Normalizing flows (NFs) are end-to-end likelihood-based generative models for continuous data, and have recently regained attention with encouraging progress on image generation. Yet in the video generation domain, where spatiotemporal complexity and computational cost are substantially higher, state-of-the-art systems almost exclusively rely on diffusion-based models. In this work, we revisit this design space by presenting STARFlow-V, a normalizing flow-based video generator with substantial benefits such as end-to-end learning, robust causal prediction, and native likelihood estimation. Building upon the recently proposed STARFlow, STARFlow-V operates in the spatiotemporal latent space with a global-local architecture which restricts causal dependencies to a global latent space while preserving rich local within-frame interactions. This eases error accumulation over time, a common pitfall of standard autoregressive diffusion model generation. Additionally, we propose flow-score matching, which equips the model with a light-weight causal denoiser to improve the video generation consistency in an autoregressive fashion. To improve the sampling efficiency, STARFlow-V employs a video-aware Jacobi iteration scheme that recasts inner updates as parallelizable iterations without breaking causality.
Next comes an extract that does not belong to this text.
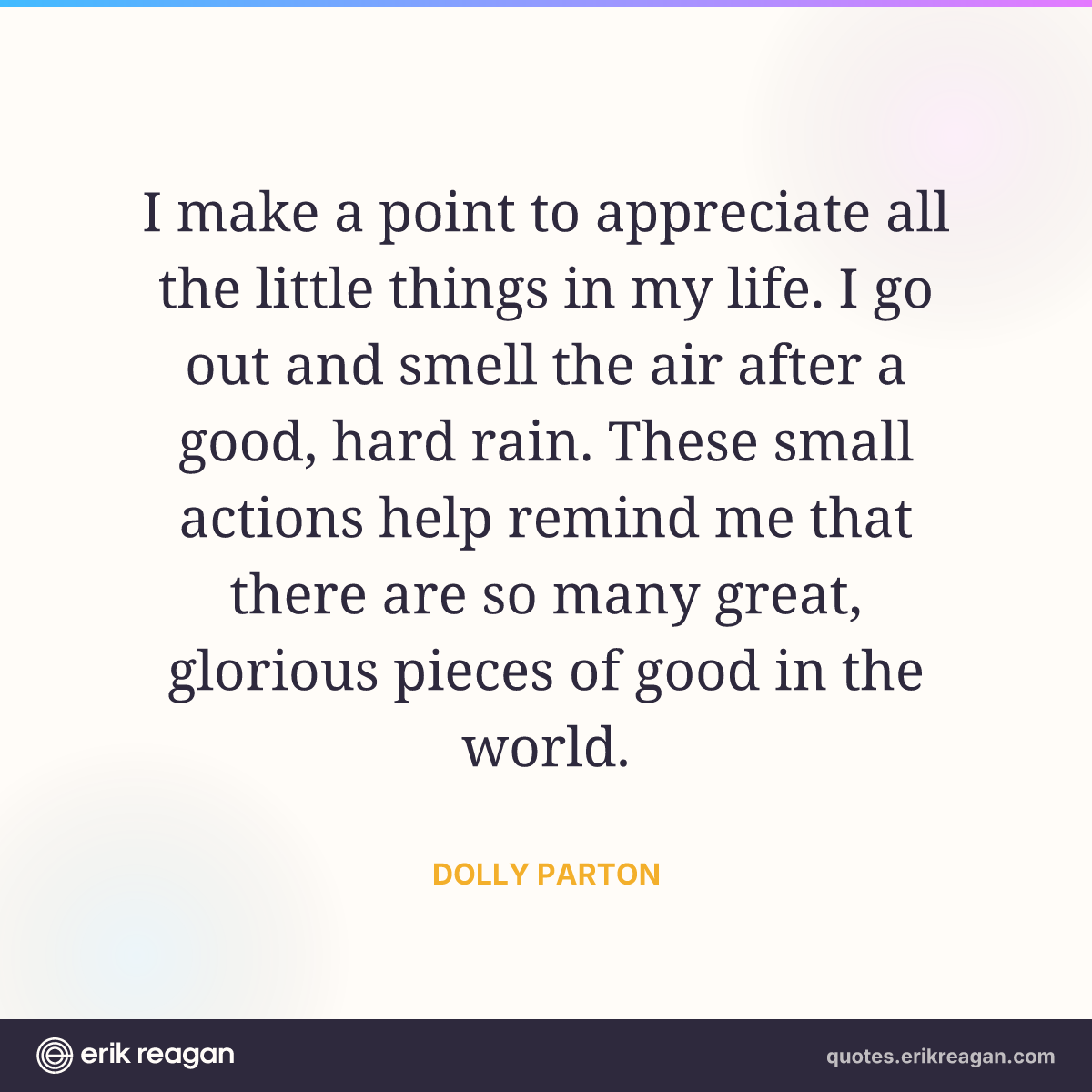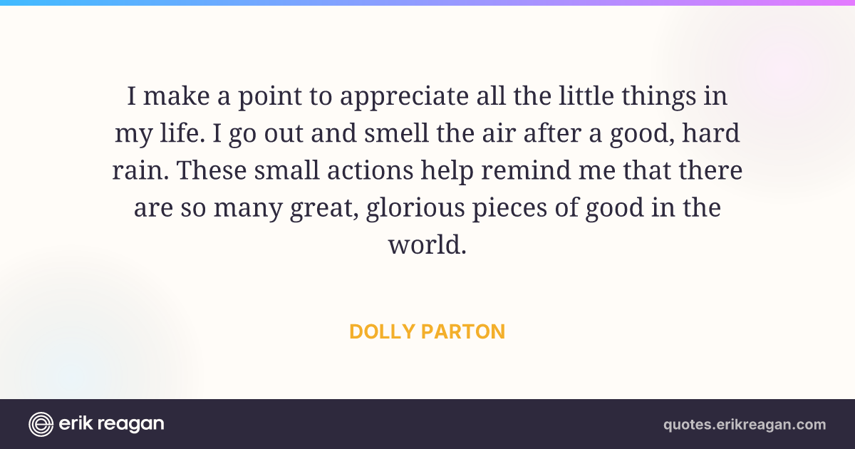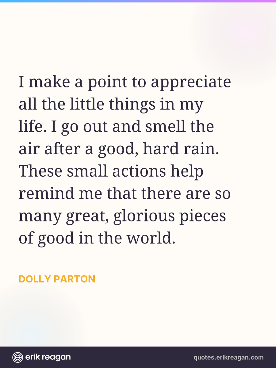 I make a point to appreciate all the little things in my life. I go out and smell the air after a good, hard rain. These small actions help remind me that there are so many great, glorious pieces of good in the world.
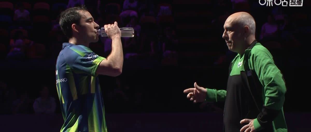 有意思!雨果局间不换体恤了! 今晚,2025WTT澳门冠军赛男单1/4决赛,新科世界杯男单冠军、巴西的雨果·卡尔德拉诺对阵德国的帕特里克·弗朗西斯卡。 第一局,双方打的难解难分。雨果13:11拿下这一局。 有意思的是,以往每次局间休息时雨果都要换体恤,现在也不换了。 是澳门不热吗?还是女朋友高桥·布鲁娜在看呢?

Thanks to the invertible structure, the same model can natively support text-to-video, image-to-video as well as video-to-video generation tasks. Empirically, STARFlow-V achieves strong visual fidelity and temporal consistency with practical sampling throughput relative to diffusion-based baselines. These results present the first evidence, to our knowledge, that NFs are capable of high-quality autoregressive video generation, establishing them as a promising research direction for building world models.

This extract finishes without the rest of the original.